An exact transcription of the listing, without its images, is what the answer must contain.

Data extract:
*** Block opens ***

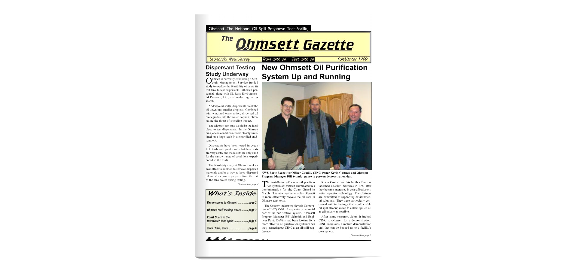 Among the many companies to test equipment at Ohmsett is one that was partially owned by actor Kevin Costner. See the article and photo below. If you build it (and maintain it), they will come!
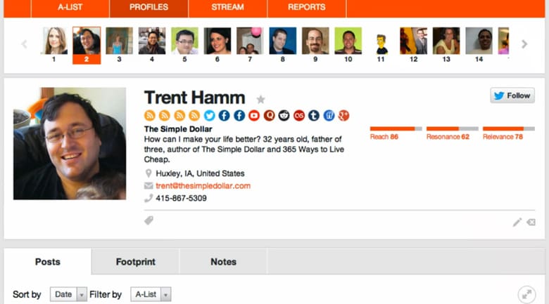 With Traackr you also have access to full online profiles via online footprints providing full contact information and social profiles to show you every place they publish relevant content. Influencer network maps also let you identify influence hubs, find ways to build new ones, and see how your content will likely travel.
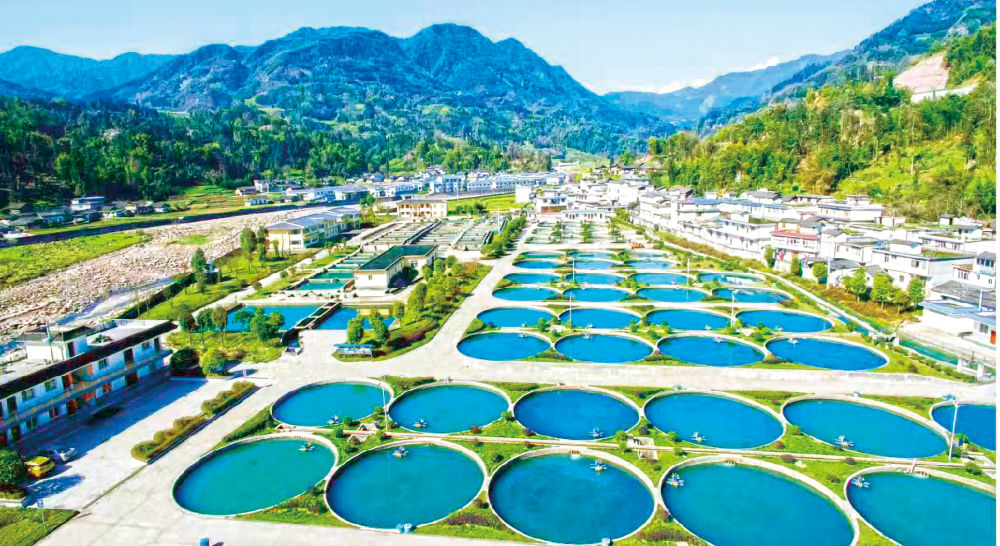 在四川省天全水產現代農業園內,上百個圓形流水魚池依河而建。圖片由天全縣委宣傳部提供。
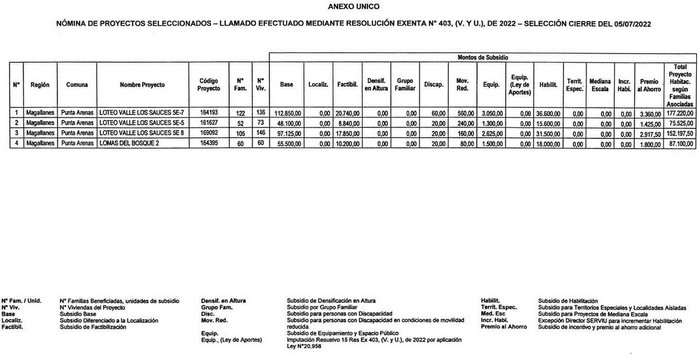 2. Apruébase la nómina de proyectos seleccionados con su respectivo financiamiento total, para el otorgamiento de subsidios del Programa Habitacional Fondo Solidario de Elección de Vivienda, en la alternativa de postulación colectiva, para proyectos de Construcción en Nuevos Terrenos, en la Región de Magallanes y de la Antártica Chilena, correspondiente al proceso de selección cuyo cierre de postulación se verificó el día 5 de julio de 2022, del llamado efectuado por la resolución exenta N° 403 (V. y U.), de 2022:

*** Block closes ***

Answer to this problem:
 Among the many companies to test equipment at Ohmsett is one that was partially owned by actor Kevin Costner. See the article and photo below. If you build it (and maintain it), they will come!
 With Traackr you also have access to full online profiles via online footprints providing full contact information and social profiles to show you every place they publish relevant content. Influencer network maps also let you identify influence hubs, find ways to build new ones, and see how your content will likely travel.
 在四川省天全水產現代農業園內,上百個圓形流水魚池依河而建。圖片由天全縣委宣傳部提供。
 2. Apruébase la nómina de proyectos seleccionados con su respectivo financiamiento total, para el otorgamiento de subsidios del Programa Habitacional Fondo Solidario de Elección de Vivienda, en la alternativa de postulación colectiva, para proyectos de Construcción en Nuevos Terrenos, en la Región de Magallanes y de la Antártica Chilena, correspondiente al proceso de selección cuyo cierre de postulación se verificó el día 5 de julio de 2022, del llamado efectuado por la resolución exenta N° 403 (V. y U.), de 2022:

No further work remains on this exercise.